Flucloxacillin is a β-lactam penicillin commonly used in the treatment of bone and soft tissue infections. In a recent porcine study, we found surprisingly low time for which the free concentration was maintained above the minimal inhibitory concentration (fT>MIC) in bone and soft tissue, following flucloxacillin oral (PO) and intravenous (IV) administration at 1g every 6h (q6h). In addition to plasma, sampling was obtained from subcutaneous tissue, knee joint, cancellous bone and cortical bone, using microdialysis. To identify flucloxacillin dosing regimens that result in theoretically therapeutic concentrations, we developed a population pharmacokinetic (PK) model for the porcine data, and combined it with a human flucloxacillin population PK model for simulations.

Methods

A four-compartment model was developed, and various dosing regimens and modes of administration were simulated.

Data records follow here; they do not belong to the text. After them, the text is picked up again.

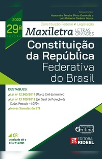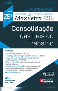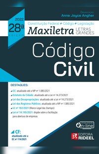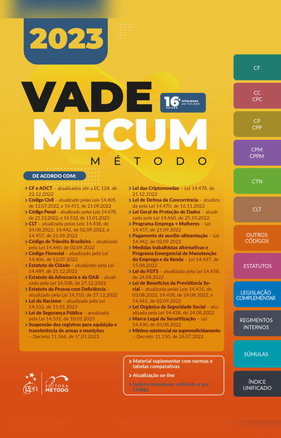ATUALIZADO ATÉ 11.01.2023 CF e ADCT – atualizados até a EC 128, de 22.12.2022Código Civil – atualizado pelas Leis 14.405, de 12.07.2022, e 14.451, de 21.09.2022Código Penal – atualizado pelas Leis 14.478, de 21.12.2022, e 14.532, de 11.01.2023CLT – atualizada pelas Leis 14.438, de 24.08.2022, 14.442, de 02.09.2022, e 14.457, de 21.09.2022Código de Trânsito Brasileiro – atualizado pela Lei 14.440, de 02.09.2022Código Florestal – atualizado pela Lei 14.406, de 12.07.2022Estatuto da Cidade – atualizado pela Lei 14.489, de 21.12.2022Estatuto da Advocacia e da OAB – atualizado pela Lei 14.508, de 27.12.2022Estatuto da Pessoa com Deficiência – atualizado pela Lei 14.510, de 27.12.2022Lei do Racismo – atualizada pela Lei 14.532, de 11.01.2023Lei de Segurança Pública – atualizada pela Lei 14.531, de 10.01.2023Suspensão dos registros para aquisição e transferência de armas e munições – Decreto 11.366, de 1º.01.2023Lei das Criptomoedas – Lei 14.478, de 21.12.2022Lei de Defesa da Concorrência – atualizada pela Lei 14.470, de 16.11.2022Lei Geral de Proteção de Dados – atualizada pela Lei 14.460, de 25.10.2022Programa Emprega Mulheres – Lei 14.457, de 21.09.2022Pagamento de auxílio-alimentação – Lei 14.442, de 02.09.2022Medidas trabalhistas alternativas e Programa Emergencial de Manutenção do Emprego e da Renda – Lei 14.437, de 15.08.2022Lei do FGTS – atualizada pela Lei 14.438, de 24.08.2022Lei de Benefícios da Previdência Social – atualizada pelas Leis 14.431, de 03.08.2022, 14.438, de 24.08.2022, e 14.441, de 02.09.2022Lei Orgânica da Seguridade Social – atualizada pela Lei 14.438, de 24.08.2022Marco Legal da Securitização – Lei 14.430, de 03.08.2022Mínimo existencial no superendividamento – Decreto 11.150, de 26.07.2022 MUITAS VANTAGENS PARA VOCÊ!Índice Alfabético-Remissivo Unificado, incluindo verbetes para CF, Códigos, Estatutos, Legislação Complementar, Regimentos Internos, Súmulas, OJs, Precedentes e Enunciados, para facilitar ainda mais a consulta e ganhar mais tempo nas provas Índice Remissivo por Código Atualização on-line gratuita no formato da páginaMaterial suplementar para download: seleção de normas complementares e tabelas comparativas de reformas e dos principais impactos legislativos O PROJETO GRÁFICO OFERECE:Leitura confortávelCor específica para cada uma das divisõesÍndice Alfabético-Remissivo Unificado As mais recentes atualizações legislativas destacadas em cores Índice das PRINCIPAIS ATUALIZAÇÕES na contracapaFitas marcadoras e tarjas laterais internas Este é o seu mais completo parceiro de estudos e provas! O Vade Mecum Método foi feito cuidadosamente para acompanhá-lo nas provas da OAB, graduação, concursos públicos e no seu dia a dia profissional.
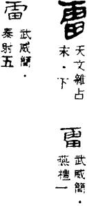 léi 《广韵》:说文作“靁”,云,阴阳薄、动雷雨,生物者也。 鲁回切 蟹合一平灰来
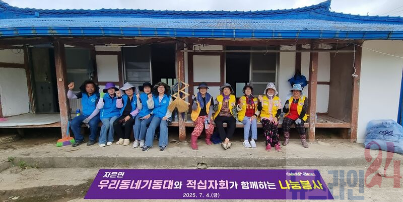 신안군 자은면 복지기동대(대장 박낭근)와 대한적십자봉사회 자은면협의회(회장 이순금)는 지난 7월 4일(금), 구영마을 독거어르신 가구에 대한 주거 환경 개선 봉사를 진행했다.
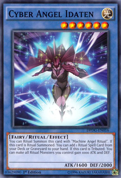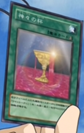 MD attacks, destroying Mermaid Knight and leaving the two girls with 1200 LPs. Next he plays Divine Chalice, summoning a token to MD's field, which he uses to destroy Rescue Cat. The girls decide to surrender as Alexis shows, telling them they're pathetic and a disgrace to Obelisk Blue students and girls everywhere.She decides to duel in their place with their own LPs. MD accepts Alexis' condition and sets 1 monster to end his turn. Alexis draws, activating Machine Angel Ritual to bring out Cyber Angel Benten (1800) in Attack Mode. MD isn't impressed, saying he's seen tougher soufflés but Alexis isn't done and plays Ritual Weapon, giving Benten 1500 ATK for a total of 3300. Oops still again! Benten's ATK is shown in a LP meter instead of it's correct graphic in the US at 13:45 into the episode.
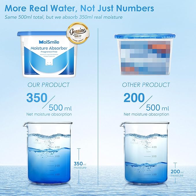 - Lasting Moisture Control: Moismile moisture absorber for closet features 74% high-concentration calcium chloride, providing a 133% absorption rate that results in significantly higher real water capture—far exceeding other similar products. Thanks to the large absorption capacity, each closet humidity absorber lasts up to 60 days, offering long-term basement water absorber without frequent replacements.

Predicted concentrations were compared to %fT>MIC (0.5 mg/L and 2 mg/L).

Results

Continuous infusion (CI) resulted in higher %fT>MIC compared to intermittent administration. For intermittent IV dosing (4, 8 and 12g/24h), fT>MIC (0.5 mg/L) was ≥70% in plasma, and ranged between 42-96% in the sampled tissue in a typical individual. By applying CI, 4g/day was sufficient to achieve ≥98% fT>MIC (0.5 mg/L) in all sampled tissues. For MIC 2 mg/L, ≥50% fT>MIC was only achieved in plasma at CI 8 and 12g/24h and IV 3g q6h.

Conclusions

To reach efficacious flucloxacillin bone and tissue concentrations, dose increment or continuous infusion needs to be considered.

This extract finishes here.